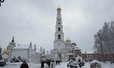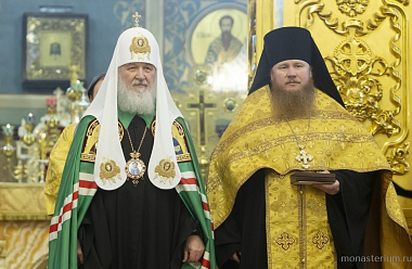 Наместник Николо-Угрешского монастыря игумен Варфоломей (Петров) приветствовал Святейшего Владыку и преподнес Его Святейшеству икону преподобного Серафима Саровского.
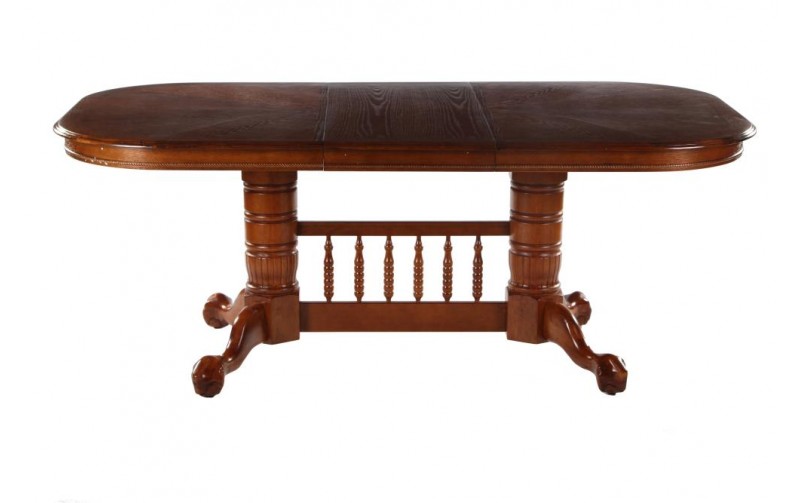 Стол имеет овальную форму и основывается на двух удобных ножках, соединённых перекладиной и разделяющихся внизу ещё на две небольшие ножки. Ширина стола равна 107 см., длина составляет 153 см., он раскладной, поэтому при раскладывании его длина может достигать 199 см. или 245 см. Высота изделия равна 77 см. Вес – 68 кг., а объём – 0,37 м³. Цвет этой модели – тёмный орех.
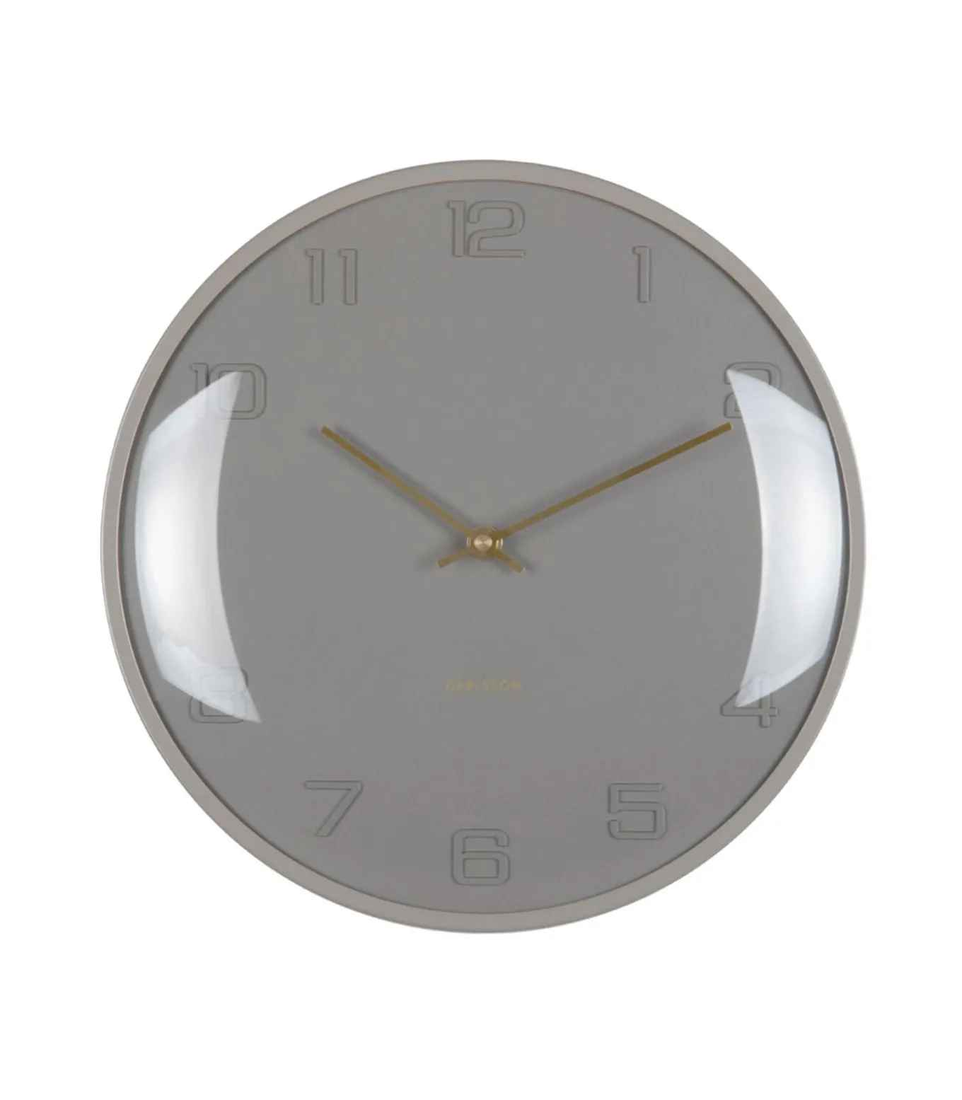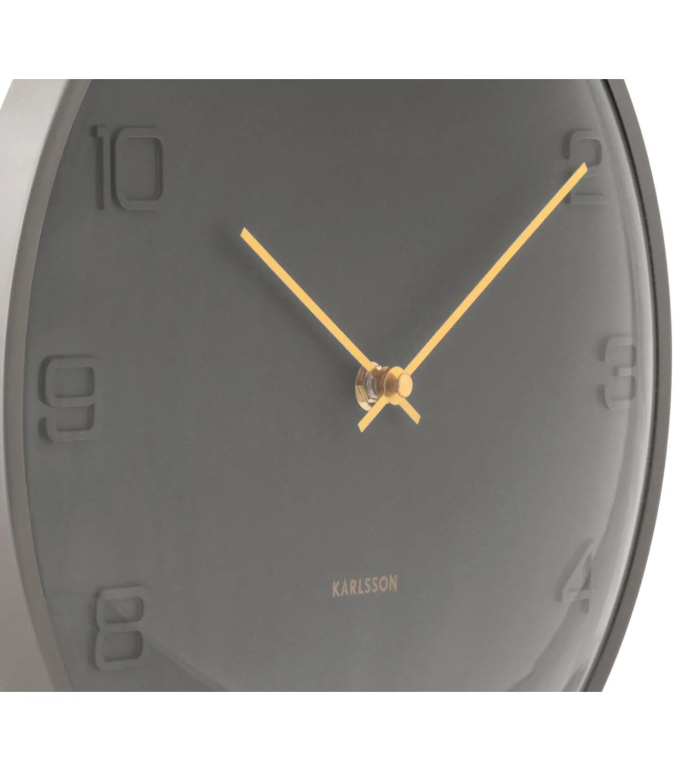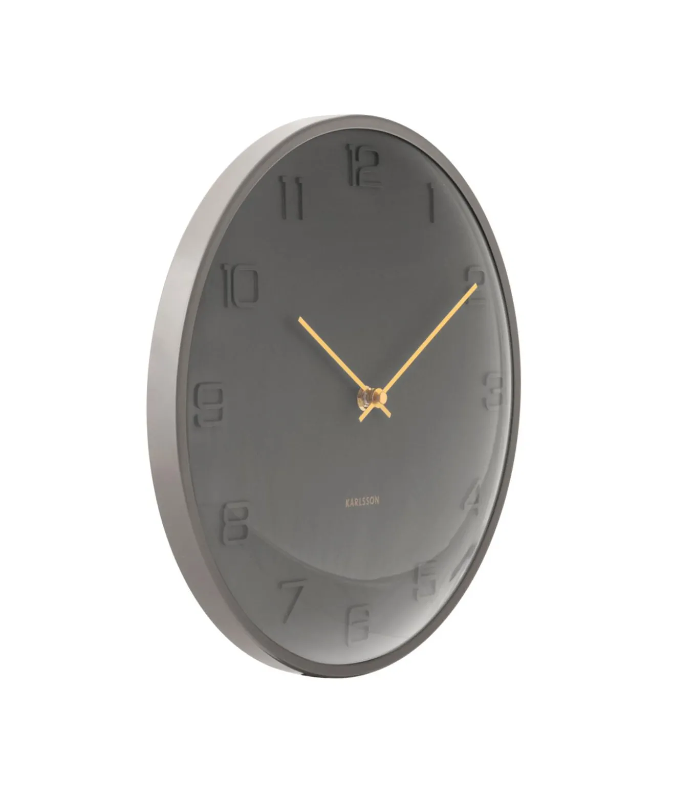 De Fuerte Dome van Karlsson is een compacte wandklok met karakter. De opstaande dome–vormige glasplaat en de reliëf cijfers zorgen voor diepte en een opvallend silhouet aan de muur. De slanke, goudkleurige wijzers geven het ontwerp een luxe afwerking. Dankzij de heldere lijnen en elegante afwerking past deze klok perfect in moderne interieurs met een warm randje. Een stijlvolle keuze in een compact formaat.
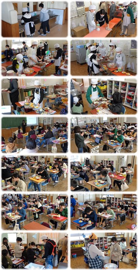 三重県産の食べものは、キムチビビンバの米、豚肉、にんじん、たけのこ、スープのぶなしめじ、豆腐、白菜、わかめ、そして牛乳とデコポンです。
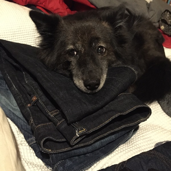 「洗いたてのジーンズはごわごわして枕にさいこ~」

--------------------

◆ **TASK GOAL**
Print, exactly as written, the lines from the one containing "三重県産の食べものは、キムチ" to the end of the material, both ends included, and nothing else; no pictures.

◆ **COMPLETED TASK**
 三重県産の食べものは、キムチビビンバの米、豚肉、にんじん、たけのこ、スープのぶなしめじ、豆腐、白菜、わかめ、そして牛乳とデコポンです。
 「洗いたてのジーンズはごわごわして枕にさいこ~」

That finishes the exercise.